We just ran MetaPhlAn 3 for the first time, on a microbiome dataset where we had v2 before.
Some samples gave completely different results. For instance one sample with v2 had nearly all Betaproteobacteria (Burkholderiales) whereas v3 had entirely Bacteroidetes (Flavobacteriia). Any clue?


This could be imputed to the update and expansion of the detectable species. In v20, 122 species in Burkholderiales order and 62 in the Flavobacteriia class were detectable. Now, in v30, the database includes markers for 520 Burkholderiales and 562 Flavobacteriia.

Thanks, but why does this mean that v2 shows the whole sample is Betaproteobacteria whereas v3 shows everything is Flavobacteriia?
Is there any quality score or P value attached to MetaPhlAn classifications?
Is it possible that MetaPhlAn 2 is better than 3 for lumpers rather than splitters?
I am less concerned with exact species than with genus or family level taxa.

The only quality score available is the score associated to each marker alignment.

It can be possible, differently than MetaPhlAn 3, version 2 has also markers for non-species clades, so also family and orders.

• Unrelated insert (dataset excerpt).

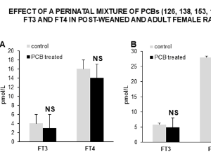 Polychlorinated Biphenyls (PCBs) are endocrine disruptors that may act as thyroid hormone (TH) analogues/antagonists to alter the homeostasis of the thyroid axis. Recently, we have shown that perinatal exposure to Aroclor 1254 (A1254), a commercial mixture of more than 90 PCB congeners, leads to sex-specific changes of the thyrotropin-releasing hormone (TRH) mRNA synthesis in hypophysiotropic neurons of the hypothalamic paraventricular nucleus (PVN), and thyroid-stimulating hormone (TSH) serum levels in adult rats.

It may be worth have a look to both the profiles, do you have any chance to upload here both the bowtie2out and the profile?

For a quick check Iā€™d also run a read classificator like Kraken2 or KrakenUniq

Hi there,
I have a similar questions. I understand the updates on classification and detectable species. However, one of my recent test run resulted in an big relative abundance difference (for example, Proteobacteria phylum is 4% in v2 but 28% in v3. Some highly abundant genera in v2, such as Alistipes and Lachnospiraceae, is no longer in v3. I wonder if you can help with potential explanation.